**SUPPLIED MATERIAL:**
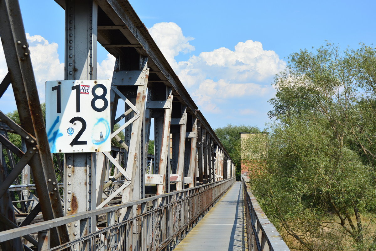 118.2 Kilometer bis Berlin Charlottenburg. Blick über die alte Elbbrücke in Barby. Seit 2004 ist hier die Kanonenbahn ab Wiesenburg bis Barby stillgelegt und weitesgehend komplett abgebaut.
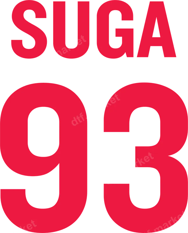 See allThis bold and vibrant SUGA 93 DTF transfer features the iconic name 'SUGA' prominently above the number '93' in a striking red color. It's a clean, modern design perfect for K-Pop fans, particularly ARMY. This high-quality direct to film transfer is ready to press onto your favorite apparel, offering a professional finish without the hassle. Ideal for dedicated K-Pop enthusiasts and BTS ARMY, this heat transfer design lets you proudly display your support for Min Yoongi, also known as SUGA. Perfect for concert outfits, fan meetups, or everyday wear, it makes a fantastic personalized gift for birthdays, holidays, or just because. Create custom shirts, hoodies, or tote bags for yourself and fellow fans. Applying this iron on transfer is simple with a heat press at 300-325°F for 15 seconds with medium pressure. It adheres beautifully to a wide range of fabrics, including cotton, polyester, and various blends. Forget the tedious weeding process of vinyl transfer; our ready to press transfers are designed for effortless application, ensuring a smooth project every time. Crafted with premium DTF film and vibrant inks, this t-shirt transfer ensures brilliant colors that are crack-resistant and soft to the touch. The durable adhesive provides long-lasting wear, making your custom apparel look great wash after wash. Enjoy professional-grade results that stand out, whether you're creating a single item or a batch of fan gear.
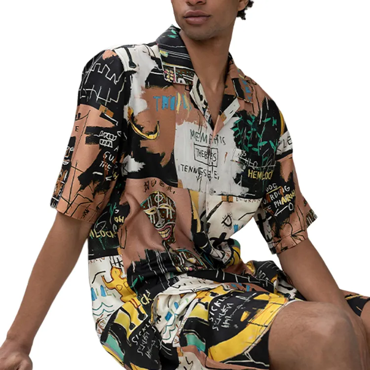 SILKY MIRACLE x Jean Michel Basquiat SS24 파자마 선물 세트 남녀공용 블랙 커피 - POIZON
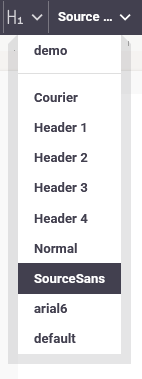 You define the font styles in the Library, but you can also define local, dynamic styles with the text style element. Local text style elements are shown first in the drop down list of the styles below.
...
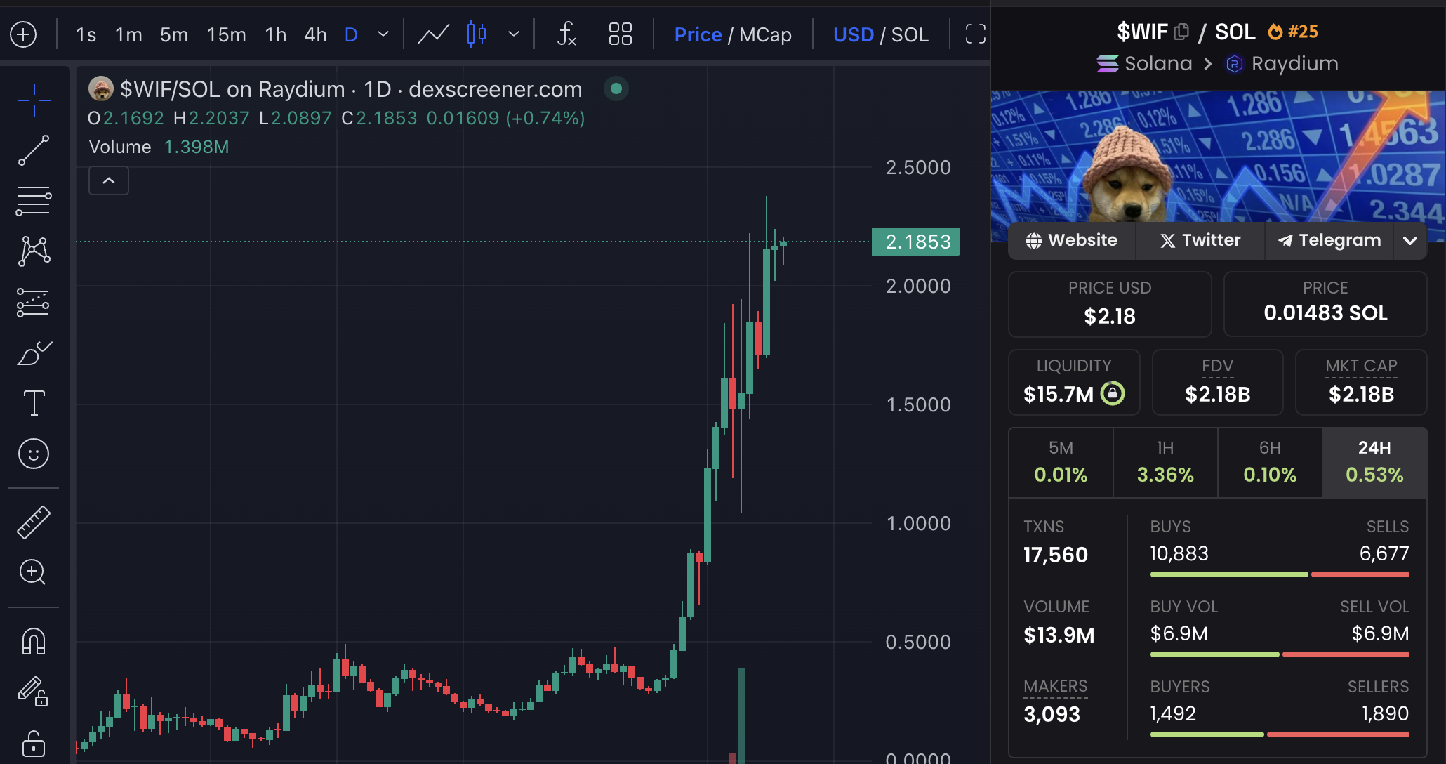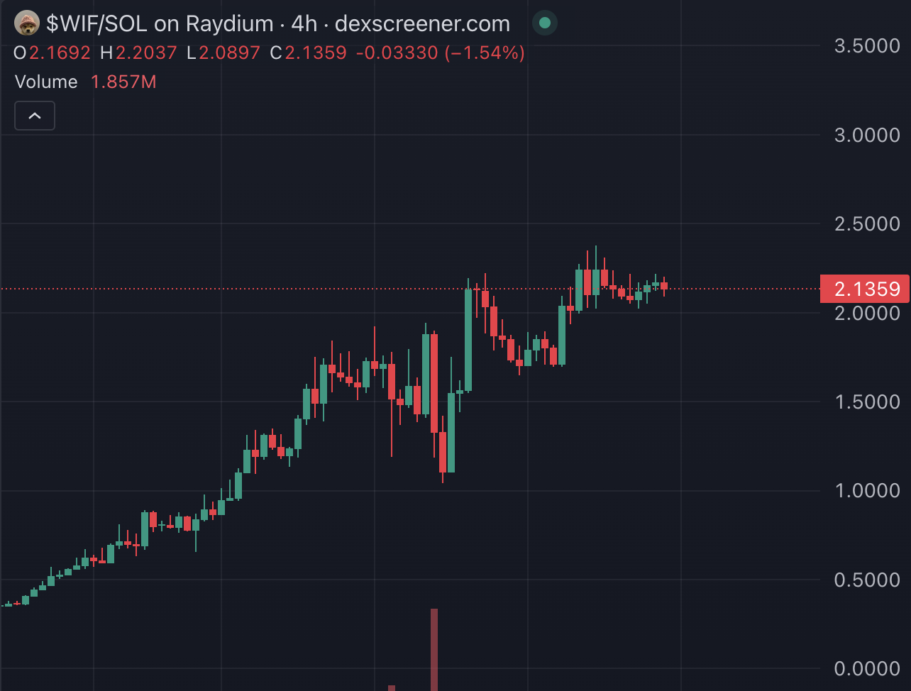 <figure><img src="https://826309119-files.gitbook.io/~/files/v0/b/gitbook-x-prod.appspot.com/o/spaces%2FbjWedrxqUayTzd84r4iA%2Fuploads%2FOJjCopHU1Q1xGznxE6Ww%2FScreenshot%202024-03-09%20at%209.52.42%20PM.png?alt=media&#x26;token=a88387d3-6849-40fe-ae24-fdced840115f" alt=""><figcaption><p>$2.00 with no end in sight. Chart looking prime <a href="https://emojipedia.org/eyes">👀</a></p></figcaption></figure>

**ASSIGNED TASK:** When copying from the data above, begin at the line containing "SILKY MIRACLE x" and end at the line containing "You define the"; return those lines exactly and leave all pictures behind.

**WRITTEN ANSWER:**
 SILKY MIRACLE x Jean Michel Basquiat SS24 파자마 선물 세트 남녀공용 블랙 커피 - POIZON
 You define the font styles in the Library, but you can also define local, dynamic styles with the text style element. Local text style elements are shown first in the drop down list of the styles below.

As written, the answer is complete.